**Saved data entries**

========================================

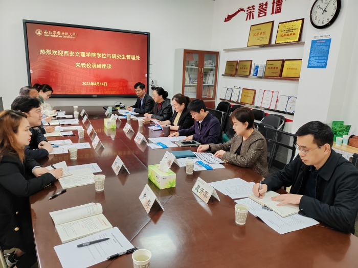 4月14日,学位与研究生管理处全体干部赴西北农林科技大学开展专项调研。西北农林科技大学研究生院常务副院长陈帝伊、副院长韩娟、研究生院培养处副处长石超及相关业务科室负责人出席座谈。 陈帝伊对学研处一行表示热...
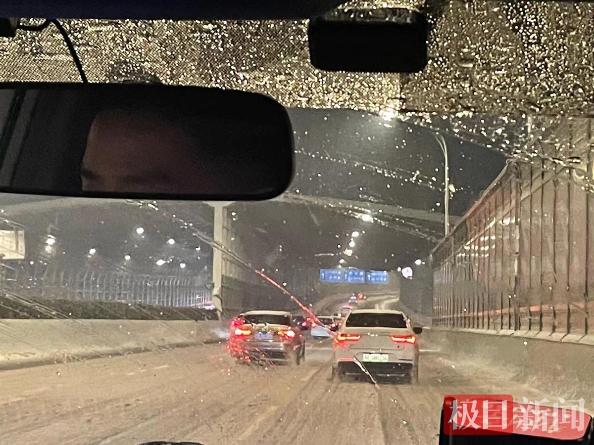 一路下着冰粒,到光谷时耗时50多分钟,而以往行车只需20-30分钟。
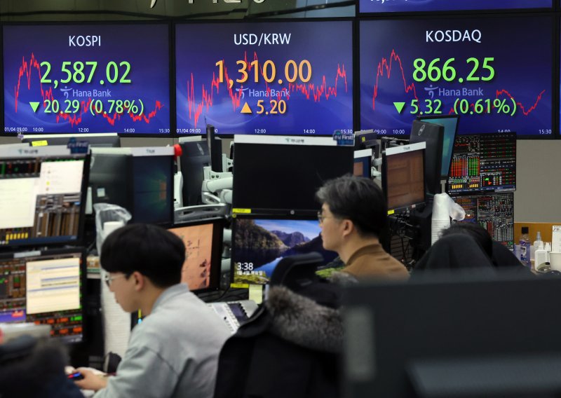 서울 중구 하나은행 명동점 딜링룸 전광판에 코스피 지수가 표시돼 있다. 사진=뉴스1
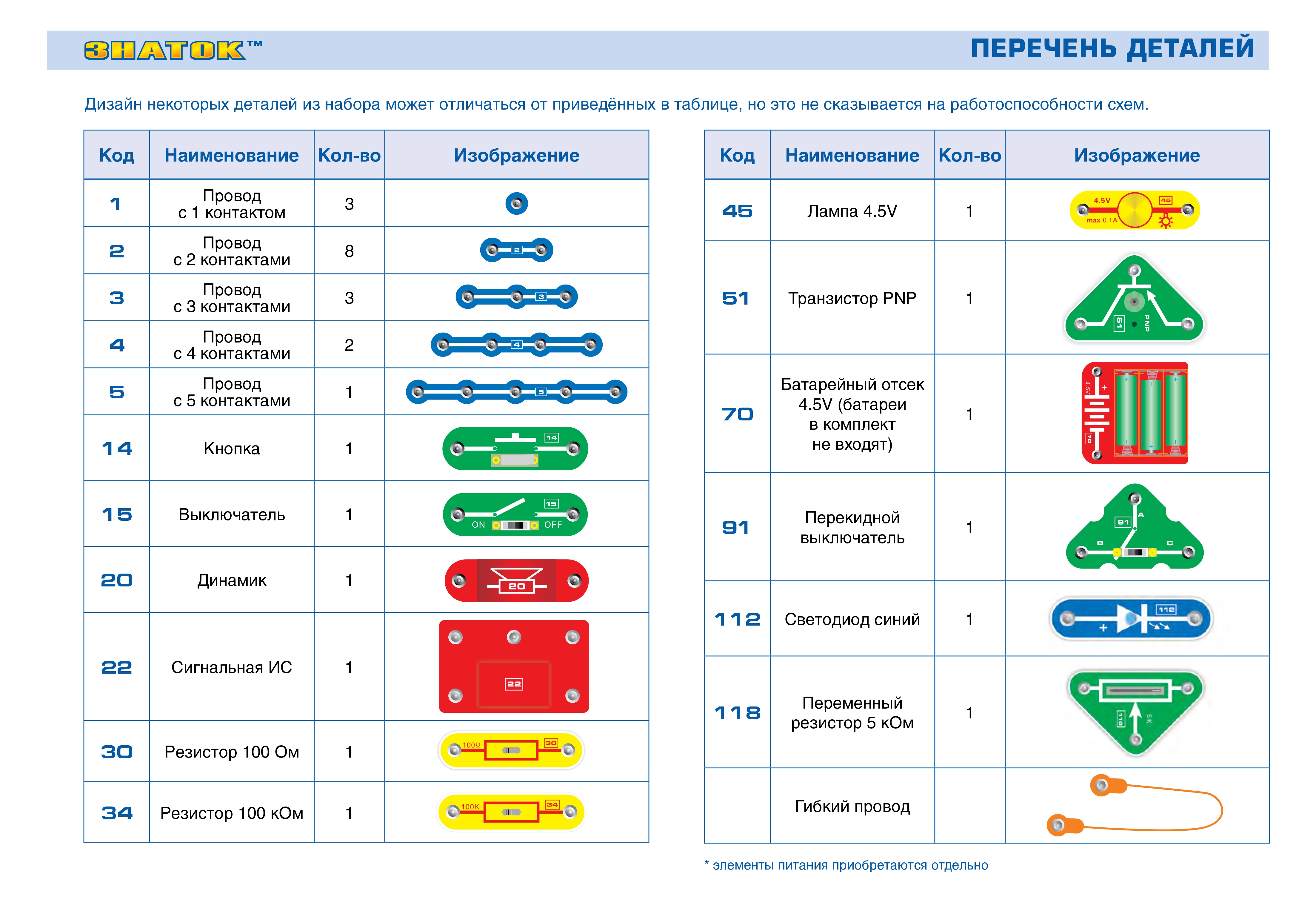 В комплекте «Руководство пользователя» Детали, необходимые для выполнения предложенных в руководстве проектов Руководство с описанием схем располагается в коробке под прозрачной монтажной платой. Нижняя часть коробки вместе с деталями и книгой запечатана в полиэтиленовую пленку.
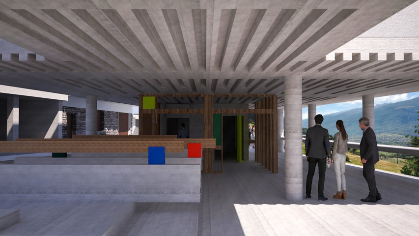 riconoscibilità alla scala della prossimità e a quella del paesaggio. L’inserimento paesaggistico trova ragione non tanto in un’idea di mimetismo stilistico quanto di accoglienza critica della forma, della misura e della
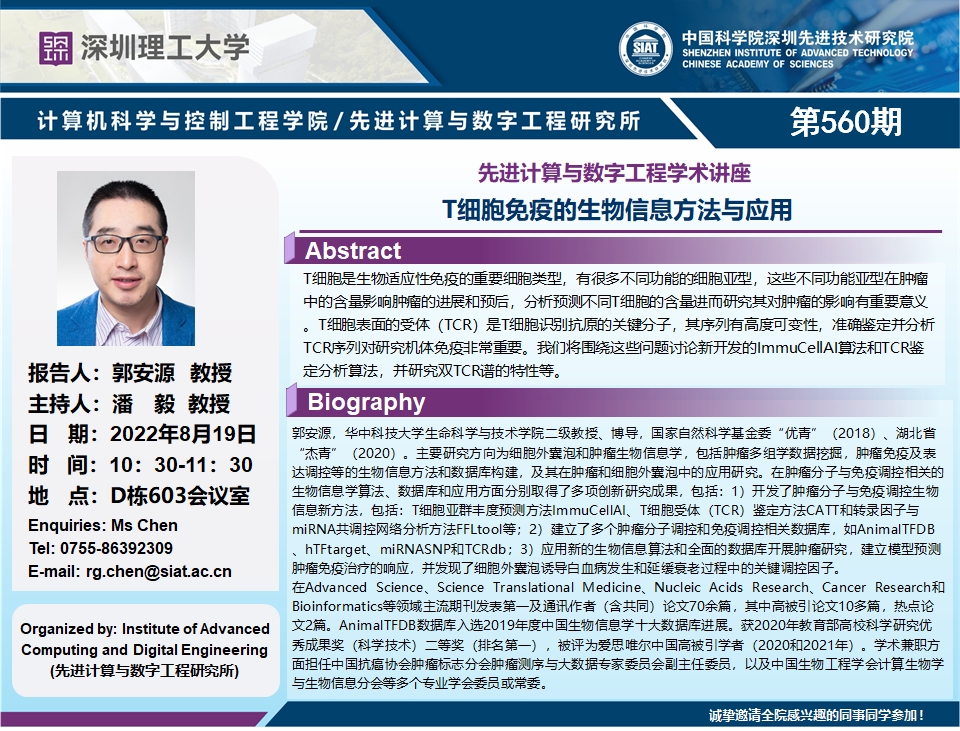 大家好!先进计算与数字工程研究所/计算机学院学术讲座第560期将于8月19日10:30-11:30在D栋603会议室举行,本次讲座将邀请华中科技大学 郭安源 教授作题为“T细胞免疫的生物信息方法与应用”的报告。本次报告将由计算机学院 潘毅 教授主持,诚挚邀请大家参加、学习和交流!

========================================

**Task directions**
Output every record exactly, minus the pictures.

**Response area**
 4月14日,学位与研究生管理处全体干部赴西北农林科技大学开展专项调研。西北农林科技大学研究生院常务副院长陈帝伊、副院长韩娟、研究生院培养处副处长石超及相关业务科室负责人出席座谈。 陈帝伊对学研处一行表示热...
 一路下着冰粒,到光谷时耗时50多分钟,而以往行车只需20-30分钟。
 서울 중구 하나은행 명동점 딜링룸 전광판에 코스피 지수가 표시돼 있다. 사진=뉴스1
 В комплекте «Руководство пользователя» Детали, необходимые для выполнения предложенных в руководстве проектов Руководство с описанием схем располагается в коробке под прозрачной монтажной платой. Нижняя часть коробки вместе с деталями и книгой запечатана в полиэтиленовую пленку.
 riconoscibilità alla scala della prossimità e a quella del paesaggio. L’inserimento paesaggistico trova ragione non tanto in un’idea di mimetismo stilistico quanto di accoglienza critica della forma, della misura e della
 大家好!先进计算与数字工程研究所/计算机学院学术讲座第560期将于8月19日10:30-11:30在D栋603会议室举行,本次讲座将邀请华中科技大学 郭安源 教授作题为“T细胞免疫的生物信息方法与应用”的报告。本次报告将由计算机学院 潘毅 教授主持,诚挚邀请大家参加、学习和交流!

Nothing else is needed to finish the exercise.